The 2010 NFL season is heating up as we get closer to the regular season.
Therefore, here is another preseason edition of the "Seven-step drop."
As the Antonio Bryant saga continues, here is another question that hasn't been addressed: How did Bryant pass the Cincinnati Bengals' physical in the first place? Teams often require thorough medical checks before making large investments in players. Bryant obviously convinced the Bengals his knee will be fine to the point where the team felt comfortable giving him a four-year, $28 million contract. But with rumors circulating that he might never see the field for Cincinnati, the Bengals’ medical staff deserves a lot of blame for this current debacle.
An interesting comment from our recent interview with Baltimore Ravens kicker and former Bengal Shayne Graham was in regards to Baltimore’s training facilities. Although he didn’t mention his former team, Graham’s immense praise of Baltimore’s facilities could be viewed as an indirect jab at the Bengals. Recently we reported one point of contention between Bengals head coach Marvin Lewis and ownership was the lack of an indoor practice facility.

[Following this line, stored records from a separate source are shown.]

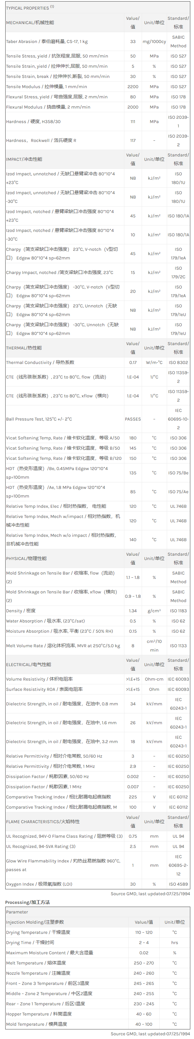 惠州Valox PBT 357XU物性表
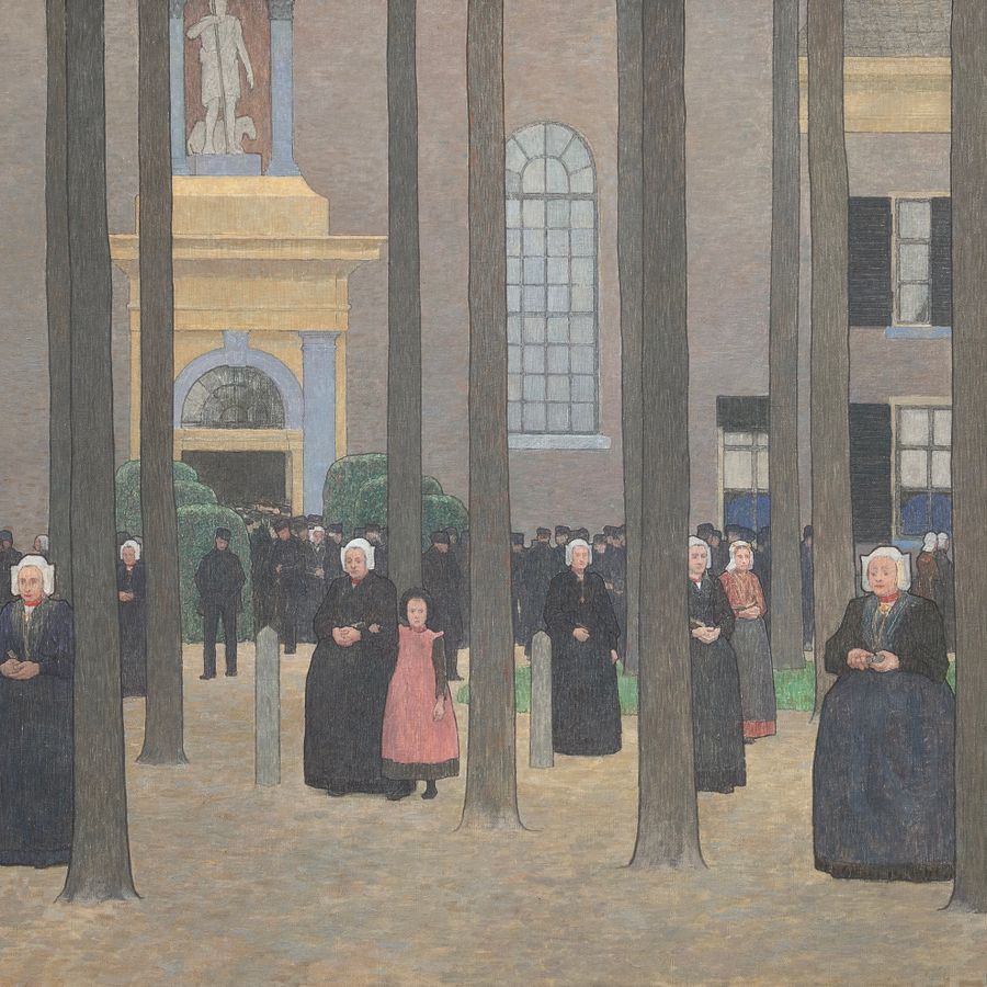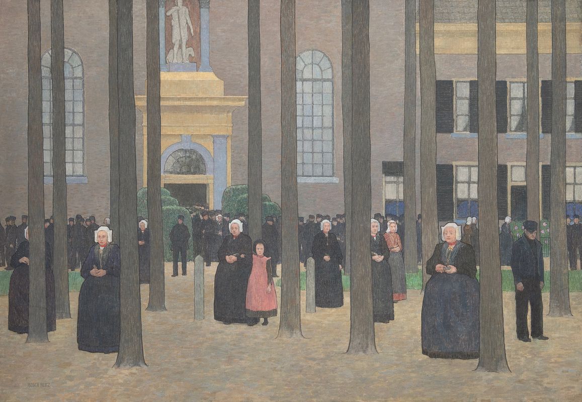 Gijs Bosch Reitz, Kerkuitgang van de oude St. Janskerk te Laren, 1893, olieverf op doek, 91 x 136 cm (118 x 158,5 x 7 cm), Singer Laren, schenking familie Six 1997
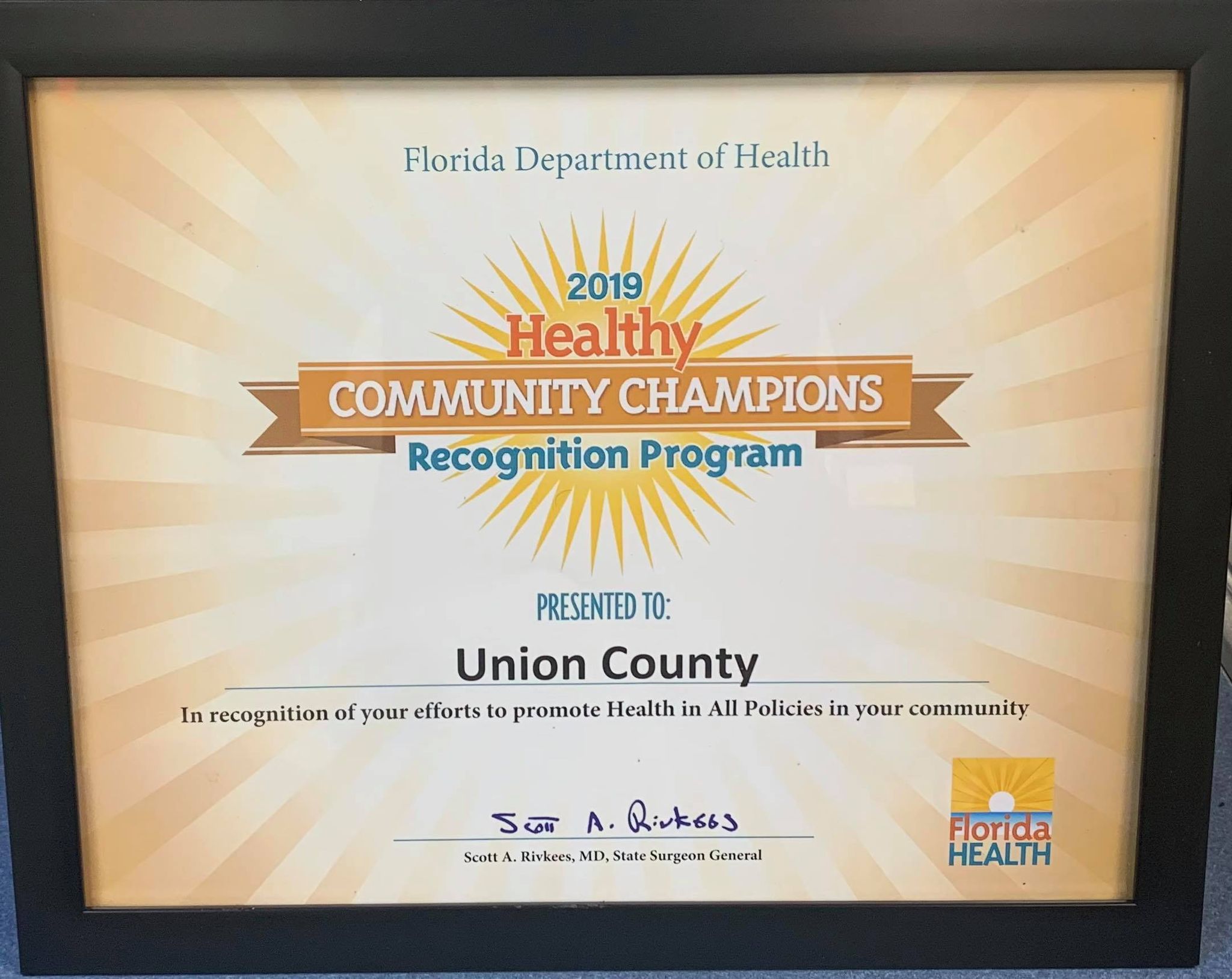 In 2019, The Florida Department of Health recognized 33 communities as the Healthy Community Champions including the City of Lake Butler and Union County. Both municipalities are playing an essential role in improving the health of our community by implementing a variety of policies that have been shown to increase physical activity and improve nutrition. Union County and the City of Lake Butler’s collaborative efforts have helped to provide access to services, facilities, and programs by regularly supporting the prioritization of maintaining walking and biking trails, city and county parks, and local policies that allow zoning for vendors selling fruits and vegetables in the county. Additionally, both agencies work to develop, implement, and promote plans that support free physical activity opportunities for all residents within the county, including those residents that live in low-income areas.

The AFC North blog predicts this will be the year Isaac "Redzone" Redman makes the Pittsburgh Steelers' 53-man roster.For the past two seasons, the former undrafted tailback has taken advantage of limited opportunities. Although he’s somewhat of a cult favorite in Pittsburgh, he remains an unknown in NFL circles, and the Steelers were fortunate to be able to hide Redman on their practice squad. But if Redman continues to lead the team in rushing this preseason, which he’s currently doing, chances are another team will notice if he’s on the practice squad. So far in camp, Redman is still the team’s best short-yardage option.

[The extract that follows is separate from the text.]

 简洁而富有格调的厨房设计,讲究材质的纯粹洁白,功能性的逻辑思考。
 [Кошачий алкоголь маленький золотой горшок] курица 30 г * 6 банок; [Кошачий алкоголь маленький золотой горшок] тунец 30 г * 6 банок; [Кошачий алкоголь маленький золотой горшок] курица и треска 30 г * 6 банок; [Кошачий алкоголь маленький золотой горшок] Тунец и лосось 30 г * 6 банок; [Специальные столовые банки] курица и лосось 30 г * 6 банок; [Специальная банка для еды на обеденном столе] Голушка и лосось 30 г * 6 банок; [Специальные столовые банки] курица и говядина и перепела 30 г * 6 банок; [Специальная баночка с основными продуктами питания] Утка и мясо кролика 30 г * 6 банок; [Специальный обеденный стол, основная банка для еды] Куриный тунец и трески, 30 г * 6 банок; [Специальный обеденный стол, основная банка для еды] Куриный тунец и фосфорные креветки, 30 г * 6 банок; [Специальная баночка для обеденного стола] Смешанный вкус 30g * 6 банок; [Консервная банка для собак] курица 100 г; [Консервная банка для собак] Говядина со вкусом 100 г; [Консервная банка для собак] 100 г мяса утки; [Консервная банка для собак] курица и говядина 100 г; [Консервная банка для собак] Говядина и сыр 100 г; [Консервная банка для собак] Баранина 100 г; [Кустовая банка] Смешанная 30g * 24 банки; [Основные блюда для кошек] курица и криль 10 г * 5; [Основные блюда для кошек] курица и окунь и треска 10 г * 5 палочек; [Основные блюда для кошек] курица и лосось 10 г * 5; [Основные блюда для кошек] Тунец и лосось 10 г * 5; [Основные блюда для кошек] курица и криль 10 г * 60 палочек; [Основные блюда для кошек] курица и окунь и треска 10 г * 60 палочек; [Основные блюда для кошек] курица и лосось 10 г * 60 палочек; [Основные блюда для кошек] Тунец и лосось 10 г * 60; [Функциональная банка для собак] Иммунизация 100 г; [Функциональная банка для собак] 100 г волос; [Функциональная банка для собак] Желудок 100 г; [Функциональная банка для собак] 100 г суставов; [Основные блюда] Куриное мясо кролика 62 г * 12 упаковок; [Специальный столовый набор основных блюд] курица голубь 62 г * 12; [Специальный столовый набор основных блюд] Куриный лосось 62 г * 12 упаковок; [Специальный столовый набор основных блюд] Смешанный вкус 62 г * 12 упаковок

Here is something to keep in mind about Pittsburgh's quarterback race: If Dennis Dixon is the starter, the Steelers have to make a lot of changes to their offense.The playbook and scheme were built around franchise quarterback Ben Roethlisberger. Dixon, with his penchant for scrambling, is a different quarterback, which makes it challenging for the other 10 players to adjust. The Steelers want Dixon to stay in the pocket more after his first read, but that’s not the type of quarterback he is at this stage. But there might have to be some concessions on both sides to make Dixon fit if he wins the job.

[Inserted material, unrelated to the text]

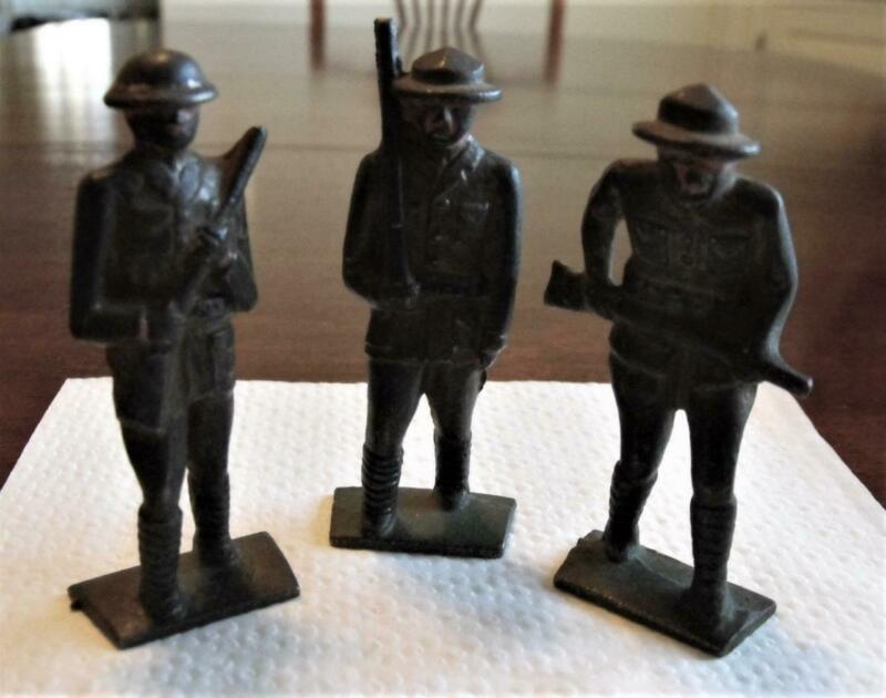 Title (ebay affiliate link): 3 Grey Iron WW I Cast Iron Toy Soldiers - Battle Dressed And Armed For Combat

It remains to be seen if the Baltimore Ravens are the best team in the division, but they are certainly the biggest. The Ravens are impressively large when you watch them in practice, particularly on the offensive and defensive line. The Ravens have always invested a lot of resources in winning games in the trenches, and this year is no different.
I'm intrigued to see rookie quarterbacks Sam Bradford of the St. Louis Rams and Colt McCoy of the Cleveland Browns go head-to-head Saturday. Both players were college rivals and highly-touted entering the draft. Now they are considered the long-term solutions at quarterback for their respective franchises. But perhaps the biggest difference is money. Bradford, the No. 1 overall pick, got an immense contract for six years and $78 million, with $50 million guaranteed. McCoy, a third-round pick, signed a four-year, $5 million deal with the Browns.
It was a tough break for undrafted rookie receiver Johnathan Haggerty, who was put on injured reserve this week.He suffered an undisclosed injury and will be out for the season. Haggerty, from Division II Southwestern Oklahoma State, came out of nowhere and was one of Cleveland’s surprise players this offseason. He had a legit chance to make the team considering the Browns’ lack of depth at receiver. But injuries derailed what could have been a good training camp story.